The air has a decidedly warmer feel to it, and despite the often heavy spring rains that April brings, one senses that summer is on its way.
One can smell change everywhere, and the current federal election is no exception.
Yours truly did scrutineer duties at a local advance poll, and even before the news media crowed about high turnout, the phenomenon was noticeable there. Some quipped that election day would be quiet as everyone had gone ahead and voted already.
High voter turnout. In an age of declining attendance, it does stick out like a sore thumb when it happens. The political scientists and aged campaign veterans will tell you that it means only one thing – a concerted will to turf the party in power.
In this world, anything is possible, but there is a difference between possibility and likelihood. Usually high turnout coincides with a series of polls over a period of time that telegraphs a spanking for the governing party. This time, however, the Tories have maintained an 8 to 14 point lead consistently during the campaign. Some polls are better than others (and yours truly follows one particular poll produced by a former colleague and personal friend) but even if the numbers are not identical, the relative position of each party and the overall trend appears to be consistent. The trend ceteris paribus leans to a particular scenario, of a Tory government straddling the 155 mark - a strong minority or a tenuous majority.

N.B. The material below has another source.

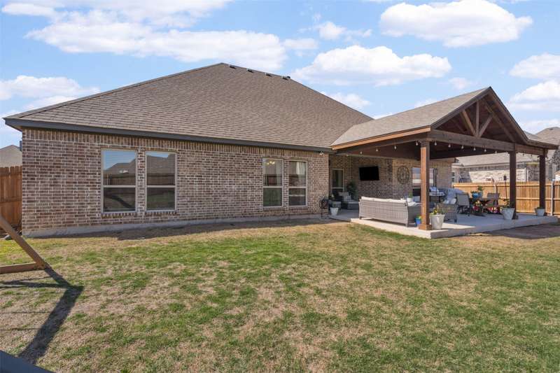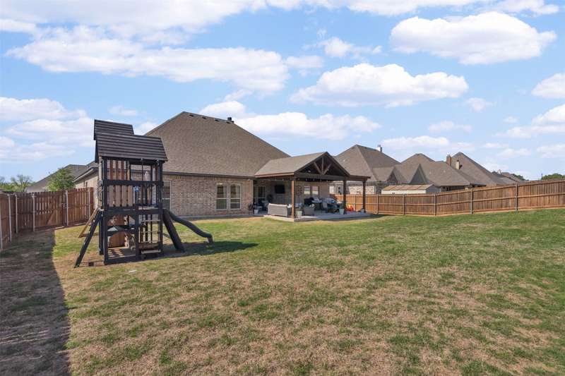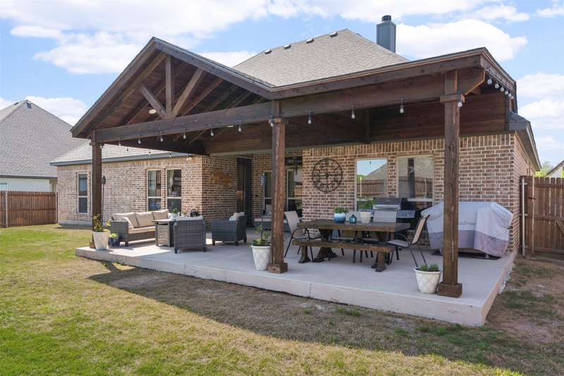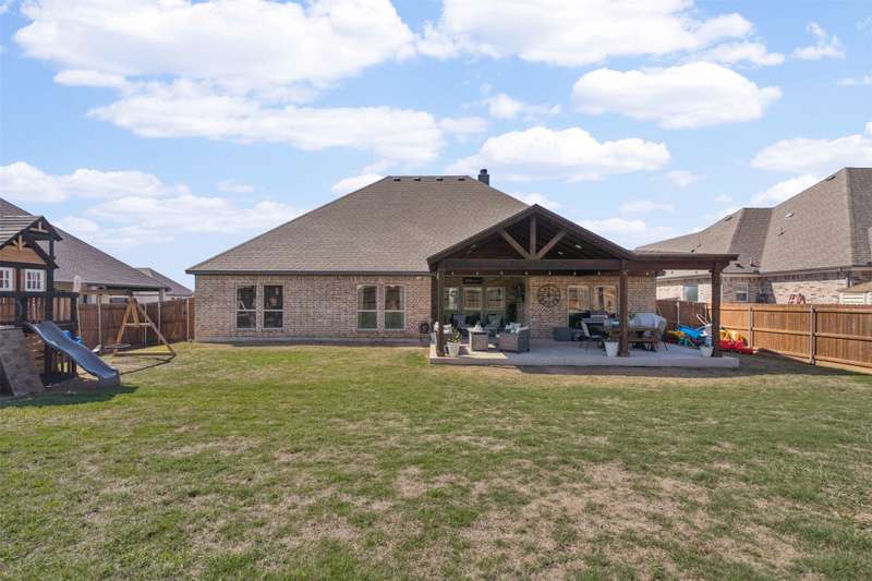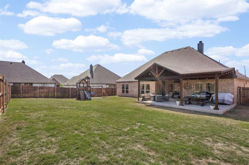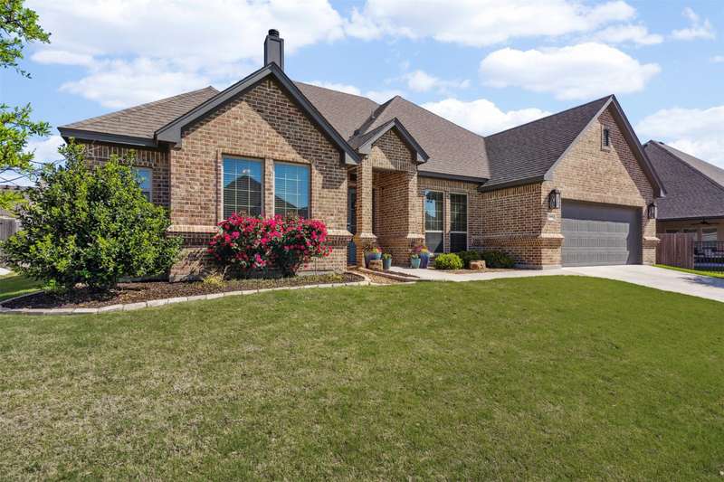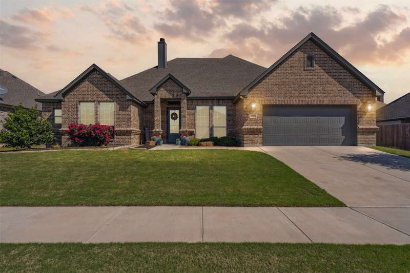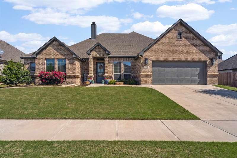 From the moment you step inside, this thoughtfully crafted home feels like the one. Designed with intention and filled with natural light, it blends everyday functionality with elevated finishes across more than 2,500 square feet. Whether you're hosting weekend get-togethers or enjoying a quiet evening under the expansive vaulted patio, this home offers the space, flow, and charm to match your lifestyle.Located in Northwest ISD, the home features 4 spacious bedrooms, 2.5 baths, a dedicated home office, and a versatile bonus room for added flexibility. The open living area is warm and inviting with a wood-burning fireplace, while the kitchen impresses with a large center island, walk-in pantry, ample cabinetry, and an eat-in dining area overlooking the backyard.The primary suite is a relaxing retreat with dual vanities, a soaking tub, walk-in shower, and spacious closet. Split guest bedrooms and a well-appointed laundry room with built-ins make the layout both smart and convenient. Outside, the extended covered patio with vaulted ceilings creates a perfect year-round gathering spot, with a generous backyard offering plenty of room to play or entertain, or add a pool! Welcome to your dream home! 1% BUYER CREDIT - Property financing incentive offered through preferred lender!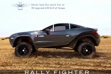 Одним из наиболее интересных аспектов нового Rally Fighter является то, что автомобиль оснащен 3,0 л дизельным агрегатом TwinTurbo от BMW 335d. Мощность 6-цилиндрового рядного турбодвигателя составляет 265 л.с., а максимальный крутящий момент составляет 425 фунт/фут при 1 750 оборотов/мин. Тяга в автомобиле подается на задние колеса благодаря 6-ступенчатой автоматической коробке передач. Вес кроссовера Rally Fighter составляет 1 360 – 1 450 кг, расход топлива – 15,3 км/литр на трассе и 12,8 км/литр при движении по бездорожью.

That, of course, fits with my earlier prognostication. What does not, however, is the recent positioning of Jack Layton’s New Democrats in the catbird seat.
Some random thoughts on the situation lend themselves to being teased out.
Conventional wisdom would contend that Jack Layton could become anything from Leader of Her Majesty’s Loyal Opposition to Prime Minister. Clearly the trend, at first blush, left unabated would deliver such results.
Being a natural contrarian, I believe that regardless of what drove the turnout at the advance polls, that surprising result will almost assuredly guarantee a high turnout on May 2nd. Tories are so close to a majority that they can smell it, the New Democrats smell blood in the water, and the Liberals can look to the old adage that “nothing sharpens the mind like a hanging in the morning.”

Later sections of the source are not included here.